··· DATA EXCERPTS ···

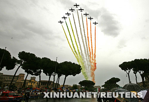 6月2日,在意大利首都羅馬的圓形大劇場上空,意大利空軍表演特技飛行。當日是意大利國慶日,意大利舉行盛大閱兵儀式慶祝國慶。 新華社/路透
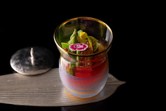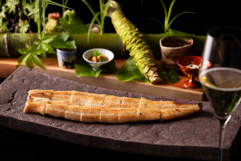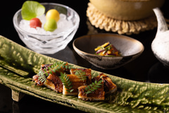 信州の鰻食文化と夏に旬を迎える山の幸を組み合わせた、鰻玉、鰻冊、白焼き、蒲焼きの4品を提供する。蒲焼きとなめらかな玉子豆腐にルバーブのジュレを合わせた鰻玉、そして胡瓜酢でさっぱりと仕立てた鰻冊は、夏の朝にふさわしいさわやかな一品に仕上げた。また、信州の食文化を織り込んだ七種の薬味で楽しむ白焼きは、鰻本来の旨味を堪能できるとのこと。最後は、香ばしく炭火で焼き上げた蒲焼きを提供し、夏に落ち気味な食欲を増進させる。締めには、信州の郷土料理「やたら」や、夏野菜氷に冷出汁をかけた茶漬けを楽しめる。
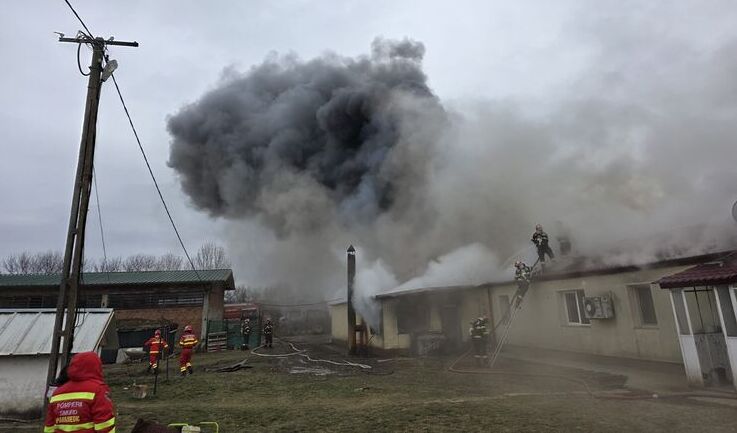 Un incendiu de proporții a izbucnit în cursul zilei de astăzi în satul Cotu Morii, comuna Popricani, la o construcție
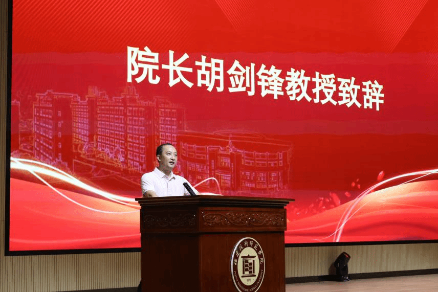 胡剑锋副院长在致辞中代表全院师生对新生们的到来表示热烈欢迎。他以“从一个普通人做起”为主题,指出新生们大多属于“中位数人群”,但普通人也可以取得非凡的成就。他通过毛泽东、曾国藩等例子鼓励新生们不要躺平,并提出了“多读书、多尝试、多交流”的三点建议,希望同学们在大学四年从普通走向非凡。
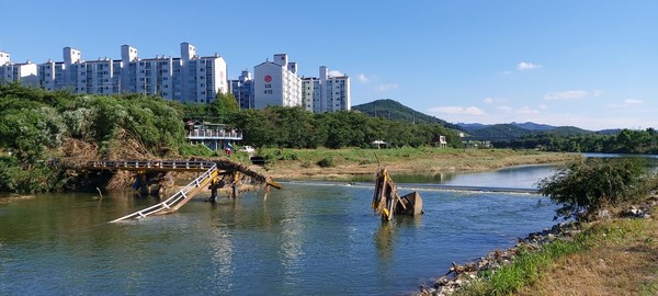 어제 저도 오랜만에 자전거를 끌고 천변으로 나가 수해현장을 둘러보니 천변에 있던 수목들은 거센 홍수 물결을 견디기가 버거웠는지 한쪽으로 쓰려져 있었고, 튼튼하게 보였던 인공 구조물들은 엿가락처럼 휘어졌고, 콘크리트로 만든 교각 하부구조물은 홍수에 밀려 무너졌고, 천변에 조성해놓은 주말농장은 완전히 폐허가 되어 흔적마저 찾아보기 힘들 정도였습니다.
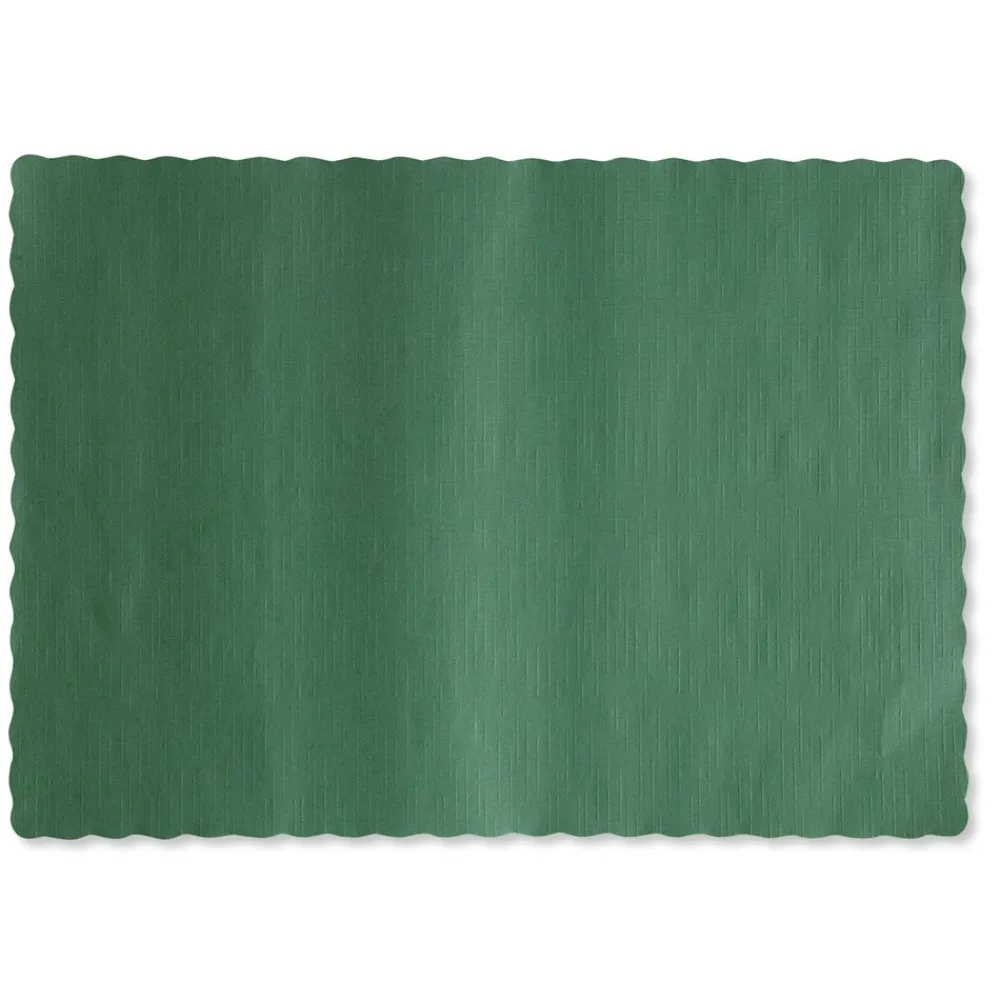 (1000/Carton) 9-1/2 in. x 13.50 Solid Color Scalloped Edge Placemats – Hunter Green – 310528
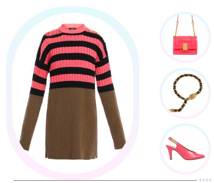 花花发现成都IFS里的BALMAIN上新了,2022早春系列的粉色要素还不少呢。粉色条纹针织裙搭配同色系BALMAIN1945系列小牛皮手袋和粉色TARA高跟鞋,整体造型简单又大方。
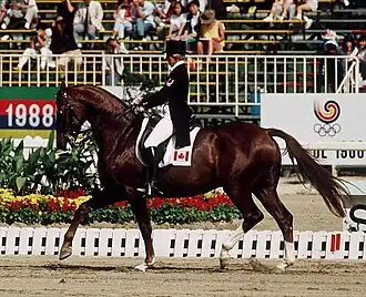 She married entrepreneur Hans Pracht, and in 1981 the couple and two children moved to Cedar Valley, Ontario, Canada.[2] Pracht rode her first Olympics in Los Angeles in 1984 aboard Little Joe, a horse which she later passed on to her daughter Martina.[1] Four years later, at the 1988 Summer Olympics, she climbed the Olympic podium as part of the bronze medal winning Canadian Equestrian Team for dressage, aboard Swedish Warmblood gelding Emirage.[2][6]
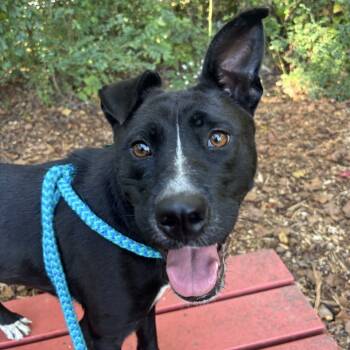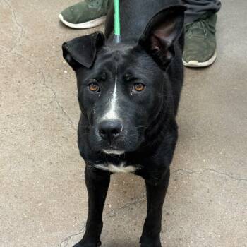 This gorgeous girl is a 47-pound, midsize black Retriever mix who's just a little over a year...

···

> [WHAT IS EXPECTED]:
Word for word, copy every line of the data, excluding any pictures.

> [EXPECTED OUTPUT]:
 6月2日,在意大利首都羅馬的圓形大劇場上空,意大利空軍表演特技飛行。當日是意大利國慶日,意大利舉行盛大閱兵儀式慶祝國慶。 新華社/路透
 信州の鰻食文化と夏に旬を迎える山の幸を組み合わせた、鰻玉、鰻冊、白焼き、蒲焼きの4品を提供する。蒲焼きとなめらかな玉子豆腐にルバーブのジュレを合わせた鰻玉、そして胡瓜酢でさっぱりと仕立てた鰻冊は、夏の朝にふさわしいさわやかな一品に仕上げた。また、信州の食文化を織り込んだ七種の薬味で楽しむ白焼きは、鰻本来の旨味を堪能できるとのこと。最後は、香ばしく炭火で焼き上げた蒲焼きを提供し、夏に落ち気味な食欲を増進させる。締めには、信州の郷土料理「やたら」や、夏野菜氷に冷出汁をかけた茶漬けを楽しめる。
 Un incendiu de proporții a izbucnit în cursul zilei de astăzi în satul Cotu Morii, comuna Popricani, la o construcție
 胡剑锋副院长在致辞中代表全院师生对新生们的到来表示热烈欢迎。他以“从一个普通人做起”为主题,指出新生们大多属于“中位数人群”,但普通人也可以取得非凡的成就。他通过毛泽东、曾国藩等例子鼓励新生们不要躺平,并提出了“多读书、多尝试、多交流”的三点建议,希望同学们在大学四年从普通走向非凡。
 어제 저도 오랜만에 자전거를 끌고 천변으로 나가 수해현장을 둘러보니 천변에 있던 수목들은 거센 홍수 물결을 견디기가 버거웠는지 한쪽으로 쓰려져 있었고, 튼튼하게 보였던 인공 구조물들은 엿가락처럼 휘어졌고, 콘크리트로 만든 교각 하부구조물은 홍수에 밀려 무너졌고, 천변에 조성해놓은 주말농장은 완전히 폐허가 되어 흔적마저 찾아보기 힘들 정도였습니다.
 (1000/Carton) 9-1/2 in. x 13.50 Solid Color Scalloped Edge Placemats – Hunter Green – 310528
 花花发现成都IFS里的BALMAIN上新了,2022早春系列的粉色要素还不少呢。粉色条纹针织裙搭配同色系BALMAIN1945系列小牛皮手袋和粉色TARA高跟鞋,整体造型简单又大方。
 She married entrepreneur Hans Pracht, and in 1981 the couple and two children moved to Cedar Valley, Ontario, Canada.[2] Pracht rode her first Olympics in Los Angeles in 1984 aboard Little Joe, a horse which she later passed on to her daughter Martina.[1] Four years later, at the 1988 Summer Olympics, she climbed the Olympic podium as part of the bronze medal winning Canadian Equestrian Team for dressage, aboard Swedish Warmblood gelding Emirage.[2][6]
 This gorgeous girl is a 47-pound, midsize black Retriever mix who's just a little over a year...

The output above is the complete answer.